Details of police data requests obtained under the Freedom of Information Act.
British police made one request every two minutes over a period of three-year to access private communications data.
The agency made a total of 733,237 requests between 2012 and 2014.
The facts were released in a report by privacy campaigning group, Big Brother Watch, which said that the intrusive nature of Communications Data is now a highly contentious political, legal and policing issue in the UK and around the world.
According to the report, the data include "who, where and when" of any text, email, phone call or web search but did not include the actual content of the communications.
The Metropolitan Police stood on top of the search request list between January 2012 and January 2015 which made 177,287 requests while the Thames Valley Police made the only 17,562 requests.
Presently, the UK police have to request within their own force prior to contacting the holder of the data like internet service provider or mobile phone company.
However, according to the report 96% of the requests were approved.
Home Office spokesperson said: "It is absolutely vital that our police and security services are able to obtain communications data in certain, limited circumstances, to protect the public and ensure national security.

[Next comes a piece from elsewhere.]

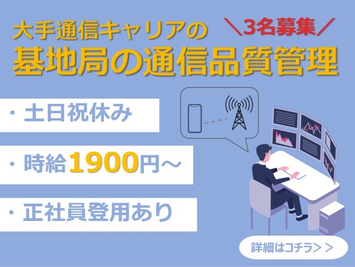 運用管理・保守 応募資格 職種未経験OK / ブランクOK / 英語力不要 職種未経験OK!【必須スキル】 ・第一級陸上特殊無線技士資格をお持ちの方 ・Excelの実務経験(SUM、AVERAGE等の基本関数) 【歓迎スキル】※いずれかある方歓迎! ・エリア品質改善、エリア設計等の移動体設備に関するご経験 ・Python/RPA等のDXツールの知識 #初めての派遣歓迎 職場の雰囲気 年齢層

"This information helps to disrupt terrorist plots, smash criminal networks and keep us safe and it is a government priority to ensure our legislation is updated to deal with changing threats and evolving technologies."
Mass surveillance has become a major issue in the UK especially after the announcement made during the Queen’s Speech about the introduction of the Investigatory Powers Bill, which will grant more power to agencies to keep track of user communication.